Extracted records
|---|

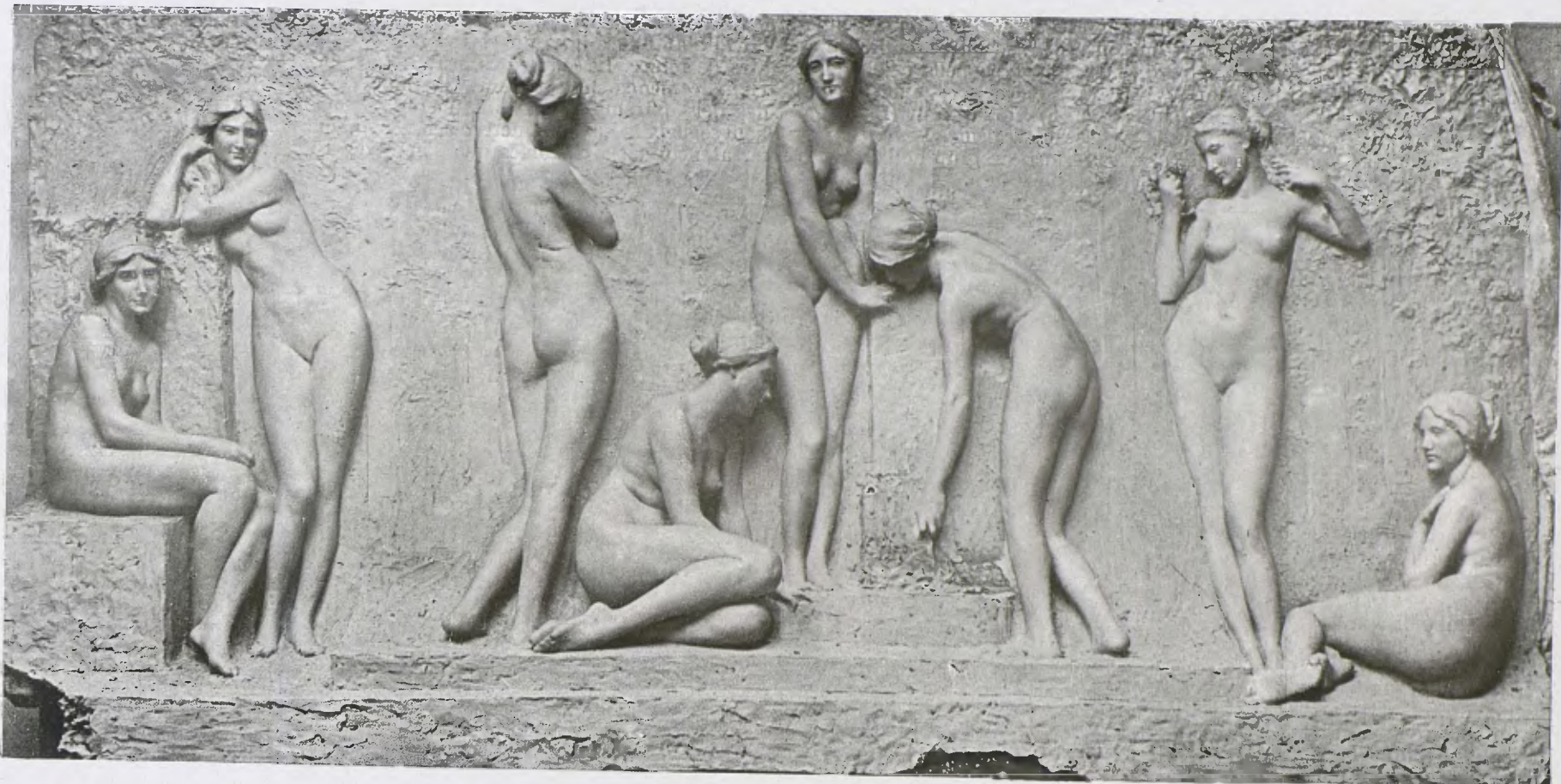
«La Font», baix relleu de Josep Llimona, Sala d'Honor a l'Exposició d'Art de Barcelona 1921.

aràbigues, i el reialme d'Astúries, al nord d'Espanya, ha conegut en ple segle IX l'«opus foniceum» en els temples i en els palaus, i d'ell parla el text «sine liquo miro opere infernis supernisque cumulatum».
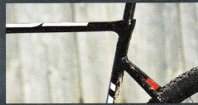
Im Zickzack geht das Oberrohr in den Hinterbau über.
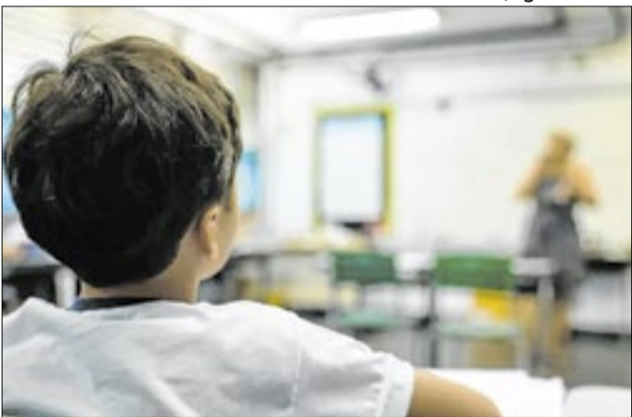
Uniformes, materiais e estoques têm irregularidades
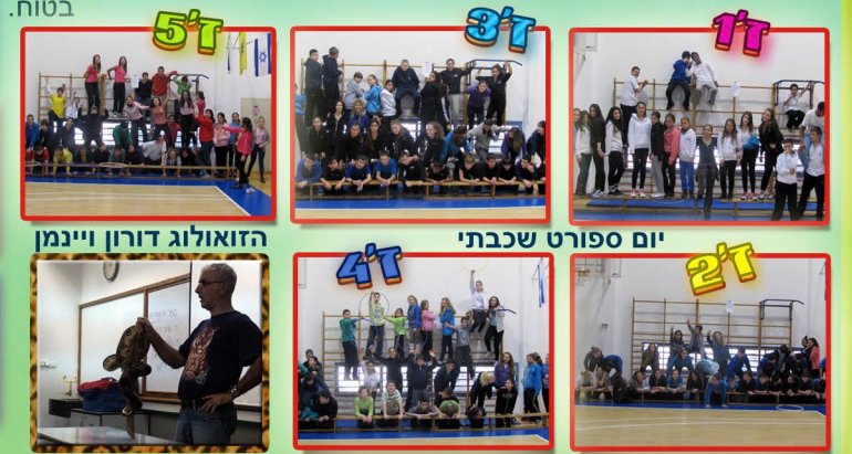
11 יום ספורט שכבתי 12 יום ספורט שכבתי 13 יום ספורט שכבתי 14 יום ספורט שכבתי 15 יום ספורט שכבתי 16 יום ספורט שכבתי 17 יום ספורט שכבתי 18 יום ספורט שכבתי 19 יום ספורט שכבתי 20 יום ספורט שכבתי 21 יום ספורט שכבתי 22 יום ספורט שכבתי 23 יום ספורט שכבתי 24 יום ספורט שכבתי 25 יום ספורט שכבתי 26 יום ספורט שכבתי 27 יום ספורט שכבתי 28 יום ספורט שכבתי 29 יום ספורט שכבתי 30 יום ספורט שכבתי 31 יום ספורט שכבתי

* ערב הורים-הצגת המבנה הארגוני, חזון ויעדי ביה"ס. * הרצאה "אינטרנט בטוח" גלעד האן. * מפגש היכרות-הורה-מורה-תלמיד. * אסיפות הורים כיתתיות עם 2 המחנכות-תוכנית הלימודים הבית ספרית. * שנת בר/בת מצווה * הנחיה בנושא: "עבודת שורשים". * טקס הכרזה על שנת בר המצווה וצפייה בהצגה "אסונות וניסים". * ערב קהילתי-בנושא: "השבת". * "מבצע יונתן" הרצאה וסרט לתלמידי השכבה. * הרצאה בהצגה: "מלחמת יום הכיפורים". * צפייה בהצגה: "מכתבים לאחי" בתיאטרון מוצקין. * טל"מ-טיפוח לימודי מזרחנות-משחקי "פיצוחים" בנושא המזרח התיכון, במסגרת לימודי הערבית. * של"ח: גיחה ליומיים ל"אכזיב"-בסימן "מעורבות וסבלנות". * ימי שדה: נחל שיח-הכרמל-עשייה למען היערות לאחר השריפה, גן הנדיב. * "מתים לחיות" בע"ח-מפגש חווייתי של תלמידי הכתה עם הזואולוג, דורון ויימן. * "מילונאות" ובבליוגרפיה-ביקור בספרייה העירונית הרצאה וסדנא בנושא "יומנת" ביום חלוקת התעודות בסימן: "אורח חיים בריא ופעיל". * יום ספורט חווייתי לגיבוש שכבת-תחרות בין הכיתות-תחנות ואטרקציות ספורט. * "חממה בין דורית"-סבים וסבתות ב"למדיה ירוקה". * תכניות ייעוציות * אקלים כיתה, "מעברים", צמצום אלימות, מניעת סמים ואלכוהול, אינטרנט בטוח.
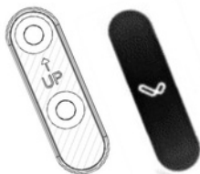
Magneettinen seinäkiinnike ja suojararra
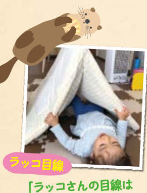
ラッコ目線 「ラッコさんの目線はこんな感じかな?」 「いつもと違う景色!」

A 広い場所で遊ばせてあげたいと思う一方、多くの方が利用できる場所が心配という方も多いと思います。 家の中の探検あそび をご紹介します。 へびの目線 や ラッコの目線 で見ると、見慣れた場所も違った風に見える子どもの好奇心を掻き立てます。「ラッコさん何が見えるかな?」など声かけも大切です。もう少し大きくなったら、椅子や家具で迷路ごっこなども楽しいでしょう。
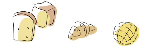
サンメリー越谷店 徒歩 11 分 / 830m 定番の食パンから惣菜パン、季節限定の商品まで幅広く揃います。常に焼きたての香りが漂う、地域に親しまれるベーカリーです。
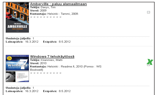
Kuva 4: Lainojen uusinta
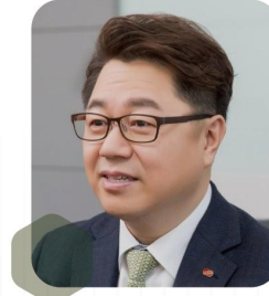
박일준 전 산업통상자원부차관
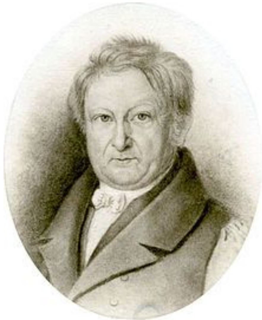
Гейслер Кристиан Готлиб Генрих (1770-1844)

Христиан Готлиб Генрих Гейслер выполнил рисунки черкесов разных сословий
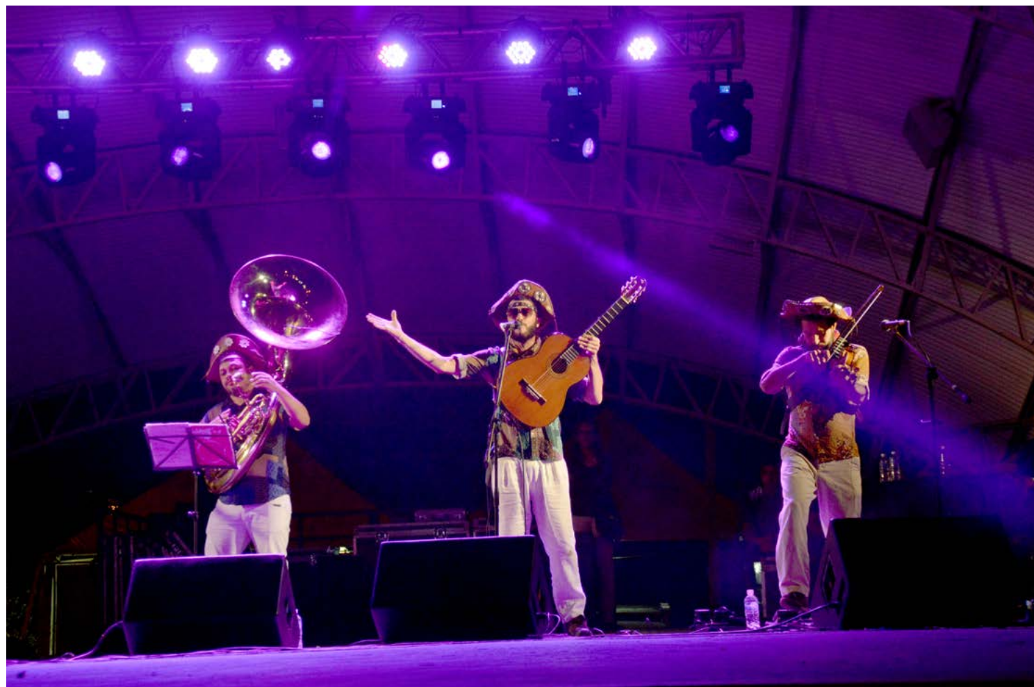
Banda Xaxado Novo impressionou o público, na noite de sábado
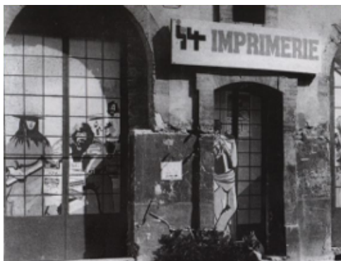
Façade de l'imprimerie après une réparation rapide et sommaire
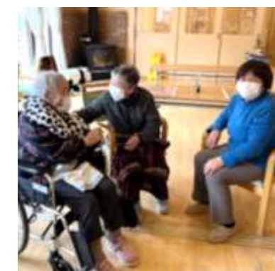
いくつになっても楽しい女子会
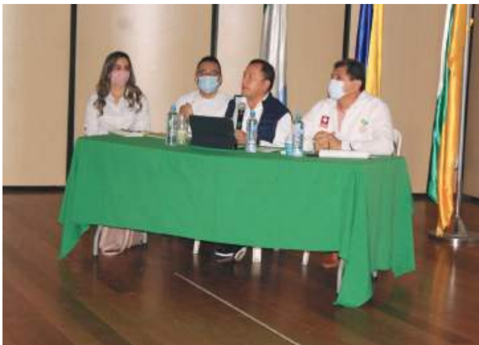
En Pitalito se analizó y estructuró un Plan de Trabajo unificado que permita lograr la inmunidad en los municipios del sur y centro del Huila de manera urgente en torno al Plan de Vacunación contra Covid-19.

La estadística de personas fallecidas por causa del Covid19 en el departamento del Huila es de 3.193.
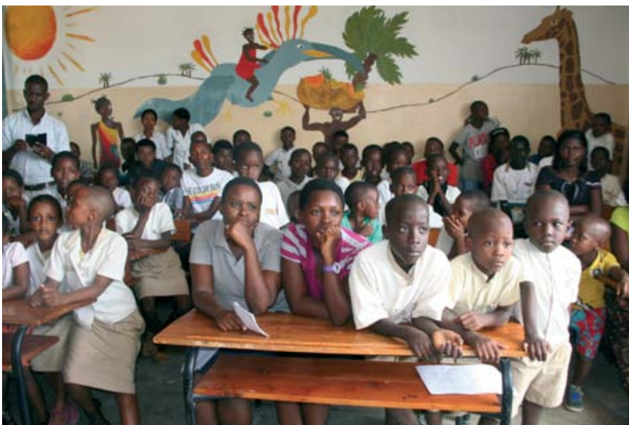
Kinder in der Schule der Fondation Stamm.

Ist ein Mädchen Halbwaise und bekommt eine Stiefmutter, wird sie oft schlecht behandelt und als Arbeitskraft ausgenutzt. Im Falle eines Stiefvaters besteht die Gefahr der Vergewaltigung und einer ungewollten Schwangerschaft. Die Lage ist für ein schwangeres Mädchen dramatisch, denn sie wird auch noch von der Familie verstoßen.
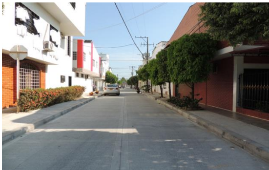
MANDARINOS , Carrera 42 entre calles 35, 35 Bis, 35ª y 35B
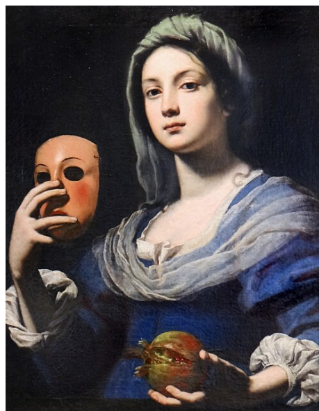
Lorenzo Lippi, Allegoria della simulazione , 1650
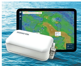
Data Collection for Ocean Observation network
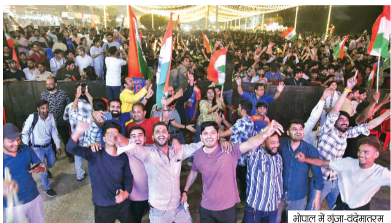
गोपाल में गूंजा-वदंमातरम

उज्जैन में रंगपंचमी के अलग ही रंग में नजर आए सीएम डॉ. यादव
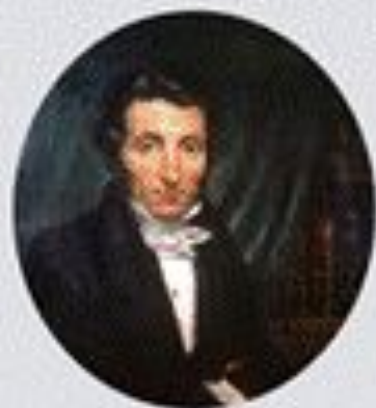
Рене Огюст Кайе (1799–1838)
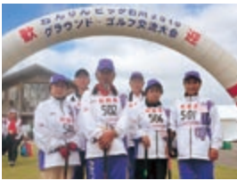
グラウンドゴルフチーム
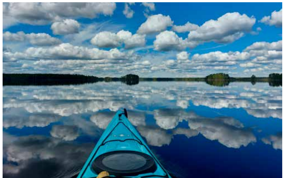
Mistä taivas alkaa?
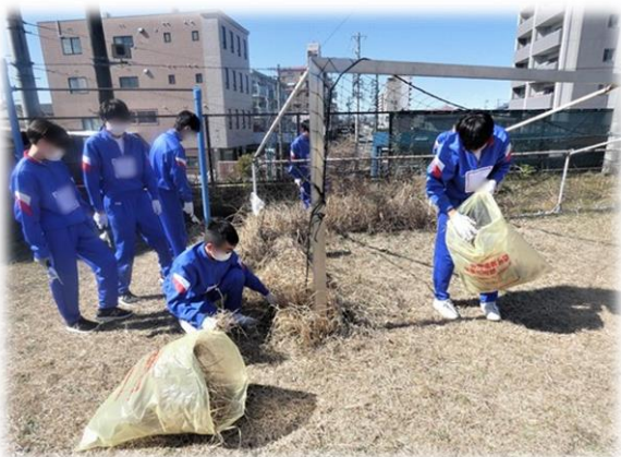
運動場周辺の草抜き ①
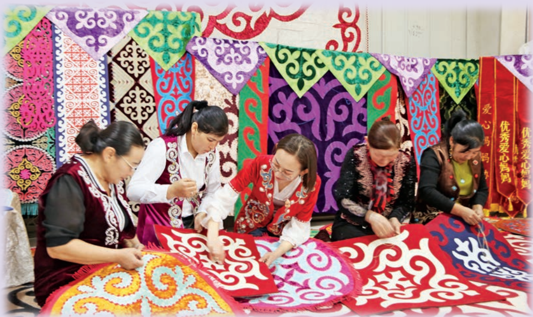
新疆裕民县积极培育哈萨克族刺绣传统非遗文化产业。

|---|

» **Exercise objective**
Would you copy all of the data exactly? Keep the pictures out of it.

» **Answer section**
«La Font», baix relleu de Josep Llimona, Sala d'Honor a l'Exposició d'Art de Barcelona 1921.

aràbigues, i el reialme d'Astúries, al nord d'Espanya, ha conegut en ple segle IX l'«opus foniceum» en els temples i en els palaus, i d'ell parla el text «sine liquo miro opere infernis supernisque cumulatum».
Im Zickzack geht das Oberrohr in den Hinterbau über.
Uniformes, materiais e estoques têm irregularidades
11 יום ספורט שכבתי 12 יום ספורט שכבתי 13 יום ספורט שכבתי 14 יום ספורט שכבתי 15 יום ספורט שכבתי 16 יום ספורט שכבתי 17 יום ספורט שכבתי 18 יום ספורט שכבתי 19 יום ספורט שכבתי 20 יום ספורט שכבתי 21 יום ספורט שכבתי 22 יום ספורט שכבתי 23 יום ספורט שכבתי 24 יום ספורט שכבתי 25 יום ספורט שכבתי 26 יום ספורט שכבתי 27 יום ספורט שכבתי 28 יום ספורט שכבתי 29 יום ספורט שכבתי 30 יום ספורט שכבתי 31 יום ספורט שכבתי

* ערב הורים-הצגת המבנה הארגוני, חזון ויעדי ביה"ס. * הרצאה "אינטרנט בטוח" גלעד האן. * מפגש היכרות-הורה-מורה-תלמיד. * אסיפות הורים כיתתיות עם 2 המחנכות-תוכנית הלימודים הבית ספרית. * שנת בר/בת מצווה * הנחיה בנושא: "עבודת שורשים". * טקס הכרזה על שנת בר המצווה וצפייה בהצגה "אסונות וניסים". * ערב קהילתי-בנושא: "השבת". * "מבצע יונתן" הרצאה וסרט לתלמידי השכבה. * הרצאה בהצגה: "מלחמת יום הכיפורים". * צפייה בהצגה: "מכתבים לאחי" בתיאטרון מוצקין. * טל"מ-טיפוח לימודי מזרחנות-משחקי "פיצוחים" בנושא המזרח התיכון, במסגרת לימודי הערבית. * של"ח: גיחה ליומיים ל"אכזיב"-בסימן "מעורבות וסבלנות". * ימי שדה: נחל שיח-הכרמל-עשייה למען היערות לאחר השריפה, גן הנדיב. * "מתים לחיות" בע"ח-מפגש חווייתי של תלמידי הכתה עם הזואולוג, דורון ויימן. * "מילונאות" ובבליוגרפיה-ביקור בספרייה העירונית הרצאה וסדנא בנושא "יומנת" ביום חלוקת התעודות בסימן: "אורח חיים בריא ופעיל". * יום ספורט חווייתי לגיבוש שכבת-תחרות בין הכיתות-תחנות ואטרקציות ספורט. * "חממה בין דורית"-סבים וסבתות ב"למדיה ירוקה". * תכניות ייעוציות * אקלים כיתה, "מעברים", צמצום אלימות, מניעת סמים ואלכוהול, אינטרנט בטוח.
Magneettinen seinäkiinnike ja suojararra
ラッコ目線 「ラッコさんの目線はこんな感じかな?」 「いつもと違う景色!」

A 広い場所で遊ばせてあげたいと思う一方、多くの方が利用できる場所が心配という方も多いと思います。 家の中の探検あそび をご紹介します。 へびの目線 や ラッコの目線 で見ると、見慣れた場所も違った風に見える子どもの好奇心を掻き立てます。「ラッコさん何が見えるかな?」など声かけも大切です。もう少し大きくなったら、椅子や家具で迷路ごっこなども楽しいでしょう。
サンメリー越谷店 徒歩 11 分 / 830m 定番の食パンから惣菜パン、季節限定の商品まで幅広く揃います。常に焼きたての香りが漂う、地域に親しまれるベーカリーです。
Kuva 4: Lainojen uusinta
박일준 전 산업통상자원부차관
Гейслер Кристиан Готлиб Генрих (1770-1844)

Христиан Готлиб Генрих Гейслер выполнил рисунки черкесов разных сословий
Banda Xaxado Novo impressionou o público, na noite de sábado
Façade de l'imprimerie après une réparation rapide et sommaire
いくつになっても楽しい女子会
En Pitalito se analizó y estructuró un Plan de Trabajo unificado que permita lograr la inmunidad en los municipios del sur y centro del Huila de manera urgente en torno al Plan de Vacunación contra Covid-19.

La estadística de personas fallecidas por causa del Covid19 en el departamento del Huila es de 3.193.
Kinder in der Schule der Fondation Stamm.

Ist ein Mädchen Halbwaise und bekommt eine Stiefmutter, wird sie oft schlecht behandelt und als Arbeitskraft ausgenutzt. Im Falle eines Stiefvaters besteht die Gefahr der Vergewaltigung und einer ungewollten Schwangerschaft. Die Lage ist für ein schwangeres Mädchen dramatisch, denn sie wird auch noch von der Familie verstoßen.
MANDARINOS , Carrera 42 entre calles 35, 35 Bis, 35ª y 35B
Lorenzo Lippi, Allegoria della simulazione , 1650
Data Collection for Ocean Observation network
गोपाल में गूंजा-वदंमातरम

उज्जैन में रंगपंचमी के अलग ही रंग में नजर आए सीएम डॉ. यादव
Рене Огюст Кайе (1799–1838)
グラウンドゴルフチーム
Mistä taivas alkaa?
運動場周辺の草抜き ①
新疆裕民县积极培育哈萨克族刺绣传统非遗文化产业。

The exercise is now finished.